Java使用if else语句和compareTo对三个城市进行字母顺序排列

Question

嗨，我很遗憾你将如何比较三件事。教科书的例子是：

Scanner input = new Scanner(System.in);

System.out.print("Enter the first city: ");
String city1 = input.nextLine();
System.out.print("Enter the second city: ");
String city2 = input.nextLine();
System.out.print("Enter the third city: ");
String city3 = input.nextLine();

if (city1.compareTo(city2) < 0)
  System.out.println("The cities in alphabetical order are:");
  System.out.println(city1);
  System.out.println(city2);

else
  System.out.println("The cities in alphabetical order are:");
  System.out.println(city2);
  System.out.println(city1);

那么你如何比较第三个和字母顺序呢？

Answer 1

您可以使用内置排序算法（或您自己的）排序字母，术语词典。
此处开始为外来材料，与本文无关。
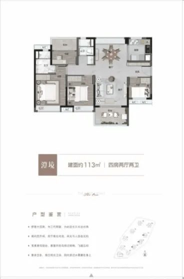 113㎡四房两卫:南北对流设计,双厅开阔,大飘窗提升了采光和视野。站在窗前,白云湖的美景尽收眼底,通风效果极佳,让室内始终保持清新空气,总价约 282 万起,适合对居住舒适度有较高要求的家庭。

例如，使用Collections#sort（documentation）。请注意，String具有可比性，默认情况下使用字典顺序。这就是您不需要显式指定顺序的原因，例如使用Comparator对象。

此代码段对城市进行排序并打印出来：

List<String> cities = Arrays.asList({city1, city2, city3});
Collections.sort(cities);

System.out.println("Cities sorted lexicographical:");
for (String city : cities) {
    System.out.println(city);
}

或者如果您更喜欢使用Streams的紧凑型 Java 8 解决方案（它基本上可以回归到相同的方法，尤其是相同的排序方法）：

Stream.of(city1, city2, city3).sorted().forEach(System.out::println);

请注意，String#compareTo方法也会比较字典顺序，如前所述。因此，除了使用排序算法（以聪明的方式检查compareTo的结果）之外，您还可以直接对比较进行硬编码（就像您已经尝试过的那样）：

String smallestCity;
if (city1.compareTo(city2) < 0 && city1.compareTo(city3) < 0) {
    smallestCity = city1;
} else if (city2.compareTo(city1) < 0 && city2.compareTo(city3) < 0) {
    smallestCity = city2;
} else if (city3.compareTo(city1) < 0 && city3.compareTo(city2) < 0) {
    smallestCity = city3;
} else {
    throw new AssertionError("There is no strict order!");
}

String biggestCity;
if (city1.compareTo(city2) > 0 && city1.compareTo(city3) > 0) {
    biggestCity = city1;
} else if (city2.compareTo(city1) > 0 && city2.compareTo(city3) > 0) {
    biggestCity = city2;
} else if (city3.compareTo(city1) > 0 && city3.compareTo(city2) > 0) {
    biggestCity = city3;
} else {
    throw new AssertionError("There is no strict order!");
}

String middleCity;
if (city1.compareTo(smallestCity) > 0 && city1.compareTo(biggestCity) < 0) {
    middleCity = city1;
} else if (city2.compareTo(smallestCity) > 0 && city2.compareTo(biggestCity) < 0) {
    middleCity = city2;
} else if (city3.compareTo(smallestCity) > 0 && city3.compareTo(biggestCity) < 0) {
    middleCity = city3;
} else {
    throw new AssertionError("There is no strict order!");
}

方法String#compareTo如果元素相等则返回0，如果第一个元素较小，则返回< 0，如果大于第二个元素，则返回> 0 RestTemplate }）。

但如上所述，排序算法以更聪明的方式执行这些检查，更少的比较。所以你应该使用一个。